## [TASK GOAL]
Begin at the line that has "The Orientation Program, which", stop after the line that has "Loungeset Keter Victoria", and print exactly those lines from the records below, without any pictures.

## [INFORMATION GIVEN]
====================
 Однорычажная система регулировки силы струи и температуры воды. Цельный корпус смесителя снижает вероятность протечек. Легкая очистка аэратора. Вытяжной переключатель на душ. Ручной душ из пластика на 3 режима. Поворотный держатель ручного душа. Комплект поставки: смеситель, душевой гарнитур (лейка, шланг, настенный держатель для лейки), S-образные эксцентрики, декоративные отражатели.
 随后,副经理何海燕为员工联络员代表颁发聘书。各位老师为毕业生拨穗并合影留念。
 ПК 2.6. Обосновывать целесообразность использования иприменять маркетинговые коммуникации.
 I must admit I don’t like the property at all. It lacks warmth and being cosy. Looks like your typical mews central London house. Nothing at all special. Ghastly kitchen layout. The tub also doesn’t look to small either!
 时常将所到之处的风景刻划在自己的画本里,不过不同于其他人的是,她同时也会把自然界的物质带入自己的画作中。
====================
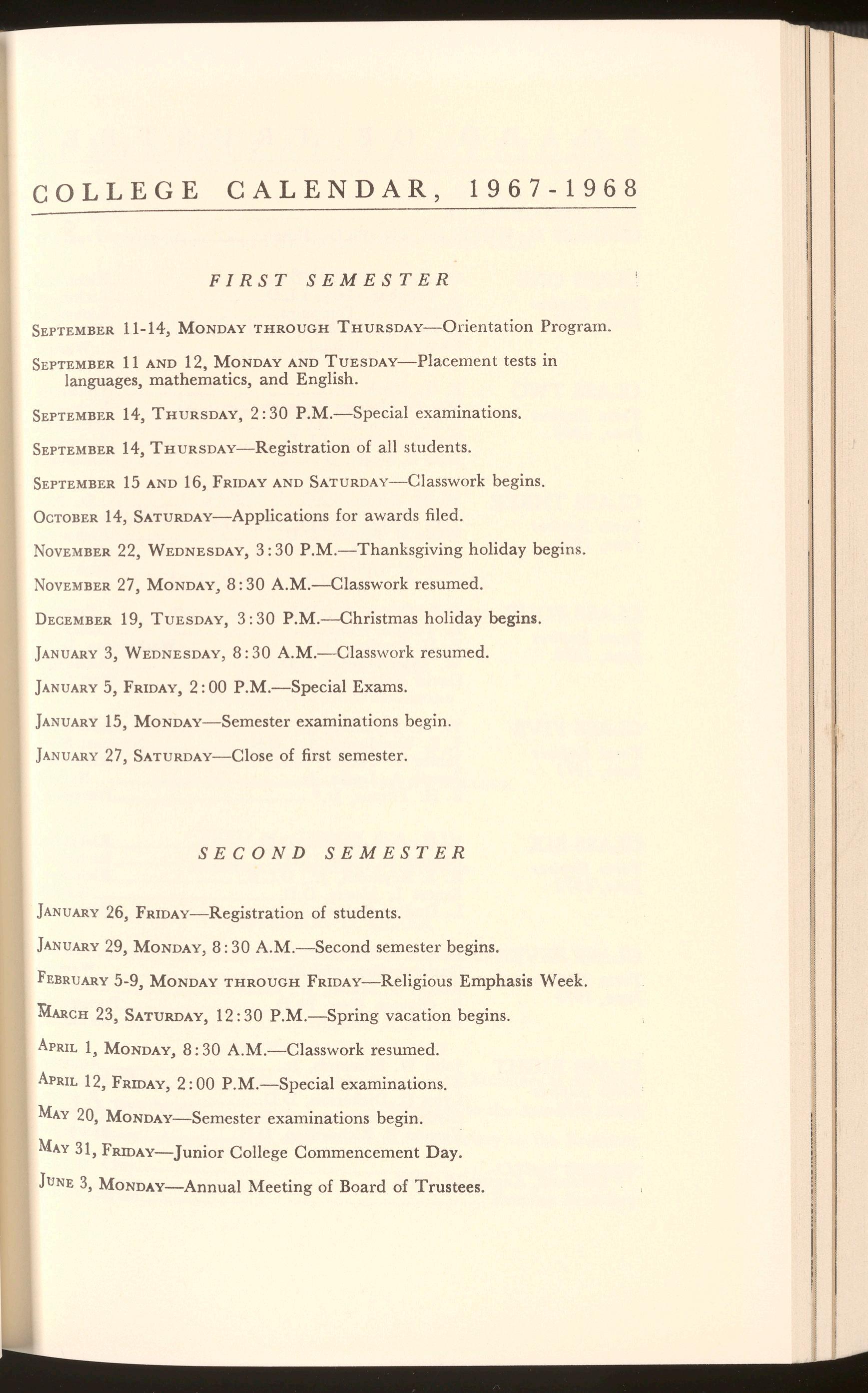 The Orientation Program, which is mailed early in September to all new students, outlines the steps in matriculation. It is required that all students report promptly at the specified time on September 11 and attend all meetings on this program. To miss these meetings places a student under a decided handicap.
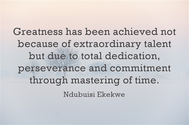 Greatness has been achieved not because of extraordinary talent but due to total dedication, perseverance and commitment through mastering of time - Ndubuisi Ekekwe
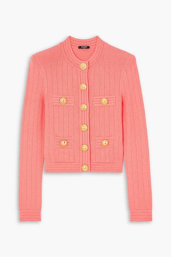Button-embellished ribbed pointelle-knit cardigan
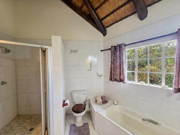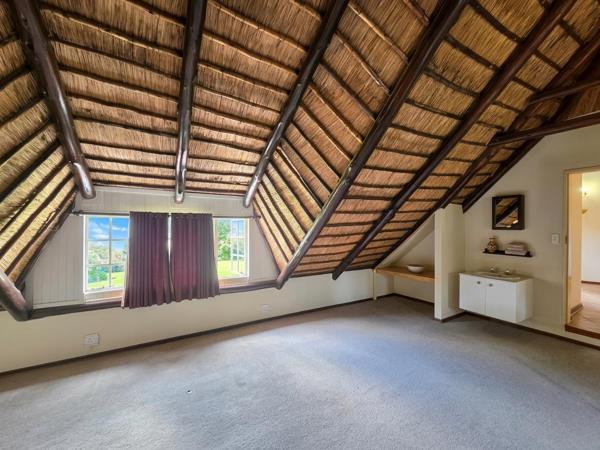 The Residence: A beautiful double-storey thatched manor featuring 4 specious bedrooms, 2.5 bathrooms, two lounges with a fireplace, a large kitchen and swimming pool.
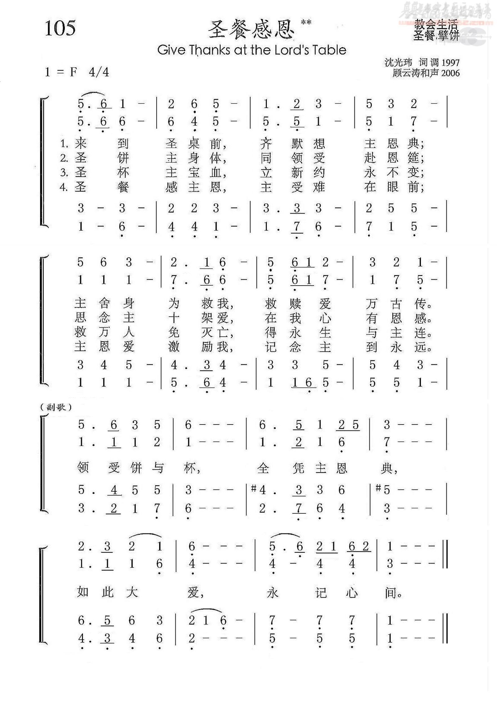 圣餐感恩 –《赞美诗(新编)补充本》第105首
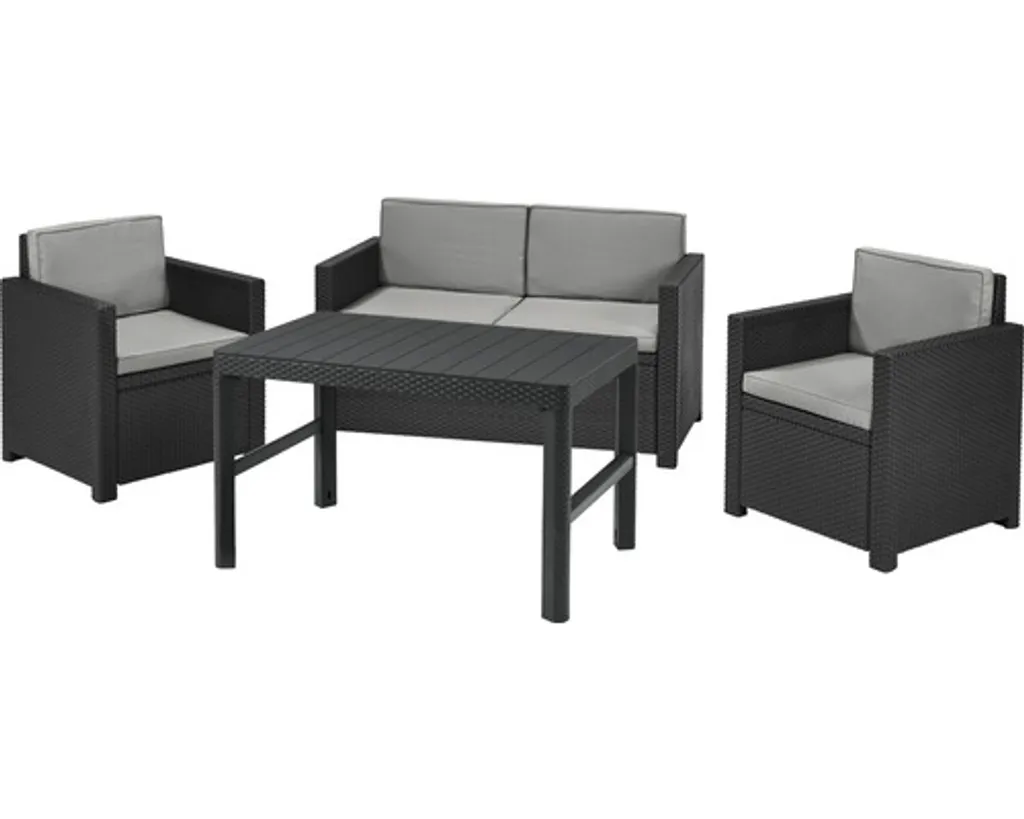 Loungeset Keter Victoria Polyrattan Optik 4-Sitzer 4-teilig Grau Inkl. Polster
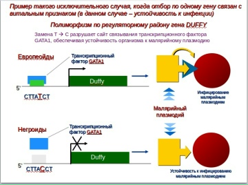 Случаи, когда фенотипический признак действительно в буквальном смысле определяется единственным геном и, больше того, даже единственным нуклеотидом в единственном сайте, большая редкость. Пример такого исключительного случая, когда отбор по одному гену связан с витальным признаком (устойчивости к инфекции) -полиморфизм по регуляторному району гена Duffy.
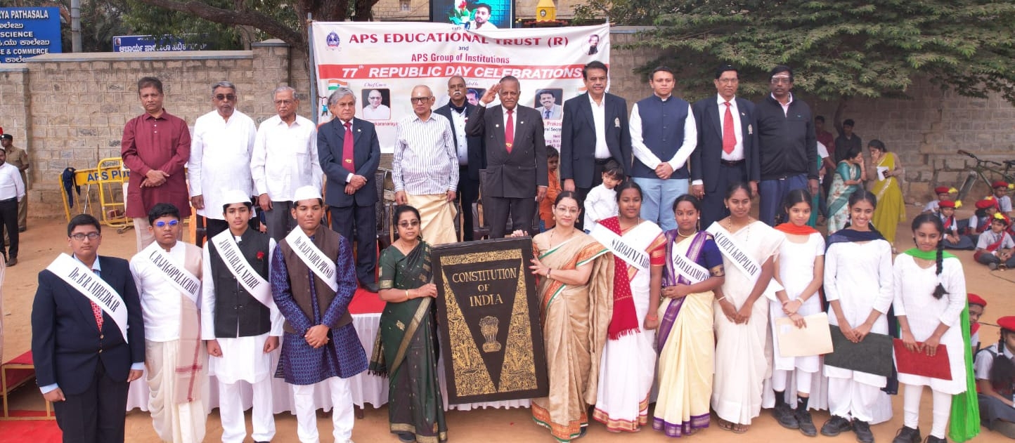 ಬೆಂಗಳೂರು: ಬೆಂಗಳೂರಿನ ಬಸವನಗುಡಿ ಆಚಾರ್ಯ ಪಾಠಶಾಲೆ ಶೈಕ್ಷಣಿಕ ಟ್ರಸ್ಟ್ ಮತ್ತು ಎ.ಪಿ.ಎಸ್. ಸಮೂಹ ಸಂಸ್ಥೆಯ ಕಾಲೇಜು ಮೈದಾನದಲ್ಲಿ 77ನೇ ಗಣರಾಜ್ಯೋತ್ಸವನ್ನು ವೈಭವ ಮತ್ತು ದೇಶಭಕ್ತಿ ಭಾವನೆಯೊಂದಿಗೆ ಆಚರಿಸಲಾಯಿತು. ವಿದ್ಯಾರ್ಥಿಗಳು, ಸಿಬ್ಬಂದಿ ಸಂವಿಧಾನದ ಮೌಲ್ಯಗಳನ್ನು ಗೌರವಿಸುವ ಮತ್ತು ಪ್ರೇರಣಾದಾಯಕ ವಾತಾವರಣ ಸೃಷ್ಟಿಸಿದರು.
====================
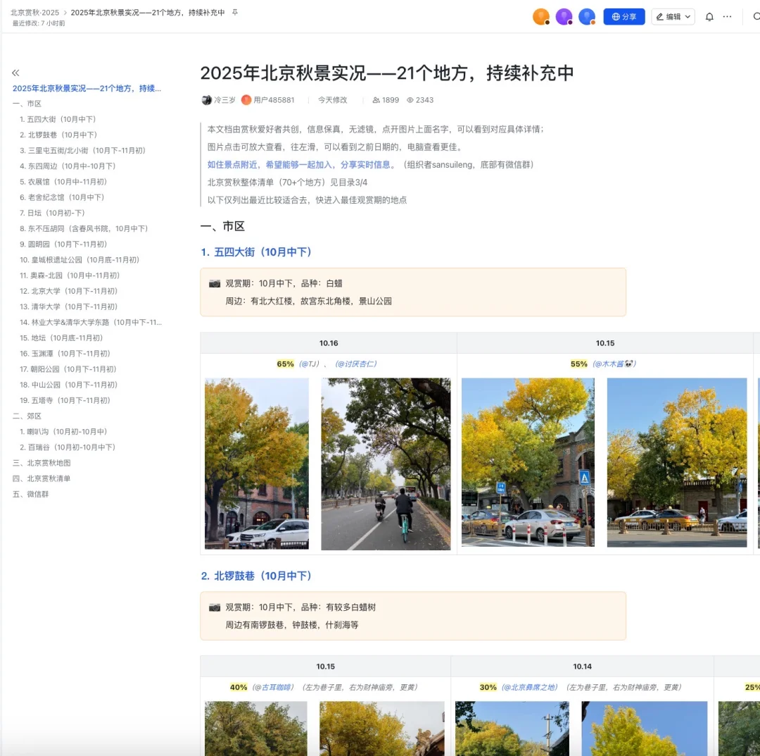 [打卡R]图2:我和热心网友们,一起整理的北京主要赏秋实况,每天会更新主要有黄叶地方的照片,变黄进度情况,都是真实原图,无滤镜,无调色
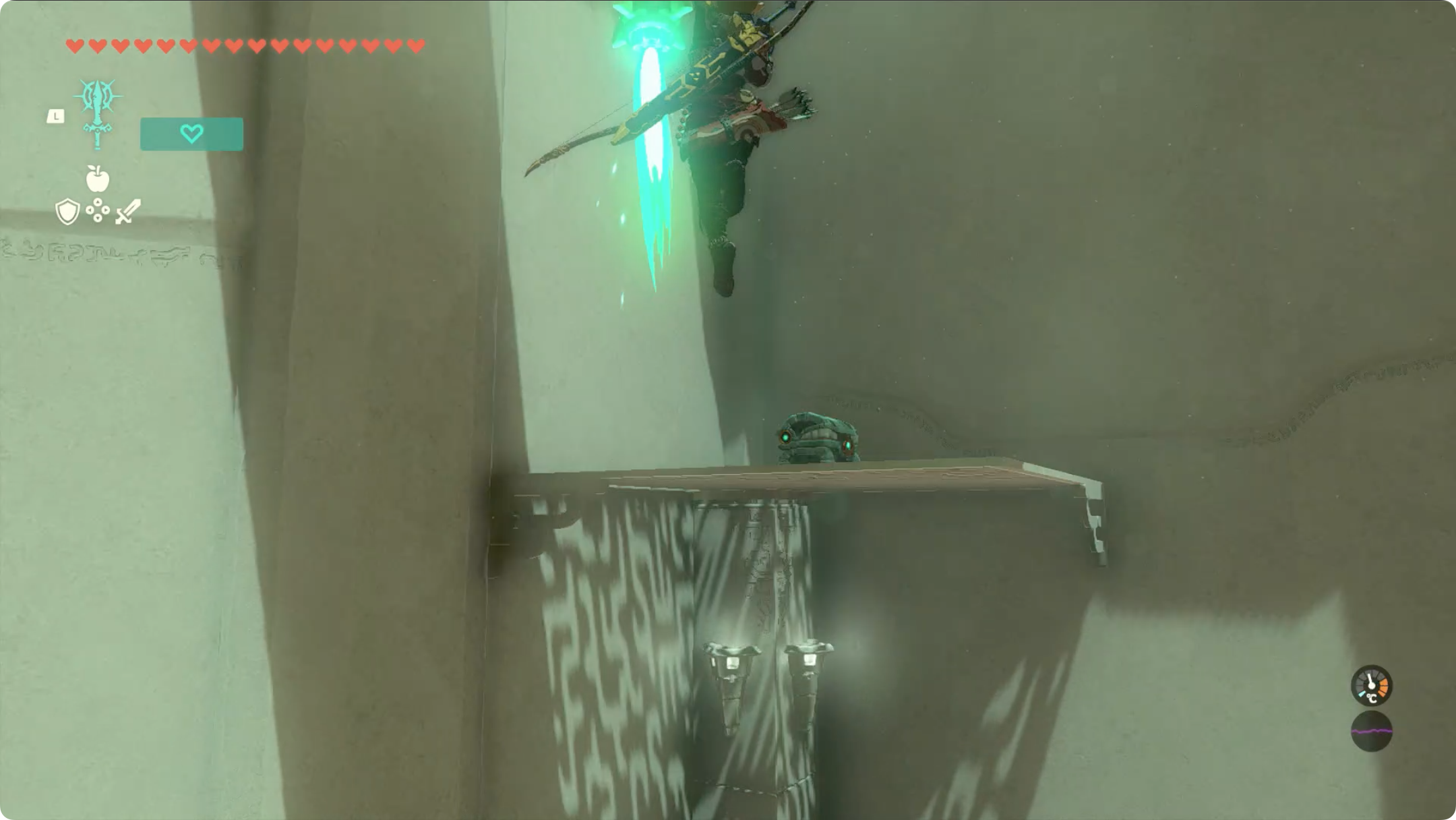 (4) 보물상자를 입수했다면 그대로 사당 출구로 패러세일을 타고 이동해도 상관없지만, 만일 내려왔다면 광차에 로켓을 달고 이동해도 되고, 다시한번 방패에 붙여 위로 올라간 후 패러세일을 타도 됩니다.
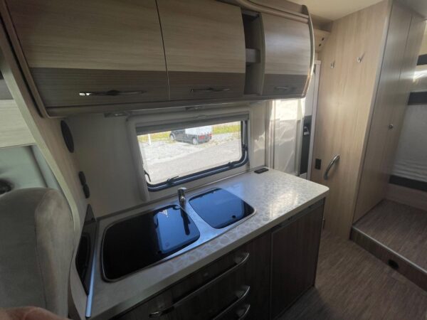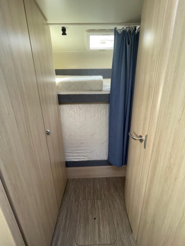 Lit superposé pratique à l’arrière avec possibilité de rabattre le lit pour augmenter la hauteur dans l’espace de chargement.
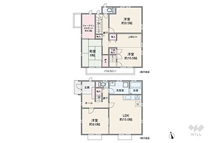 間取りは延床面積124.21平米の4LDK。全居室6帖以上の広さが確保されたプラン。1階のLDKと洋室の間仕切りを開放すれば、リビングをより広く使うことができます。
====================
## [YOUR RESPONSE]
 The Orientation Program, which is mailed early in September to all new students, outlines the steps in matriculation. It is required that all students report promptly at the specified time on September 11 and attend all meetings on this program. To miss these meetings places a student under a decided handicap.
 Greatness has been achieved not because of extraordinary talent but due to total dedication, perseverance and commitment through mastering of time - Ndubuisi Ekekwe
Button-embellished ribbed pointelle-knit cardigan
 The Residence: A beautiful double-storey thatched manor featuring 4 specious bedrooms, 2.5 bathrooms, two lounges with a fireplace, a large kitchen and swimming pool.
 圣餐感恩 –《赞美诗(新编)补充本》第105首
 Loungeset Keter Victoria Polyrattan Optik 4-Sitzer 4-teilig Grau Inkl. Polster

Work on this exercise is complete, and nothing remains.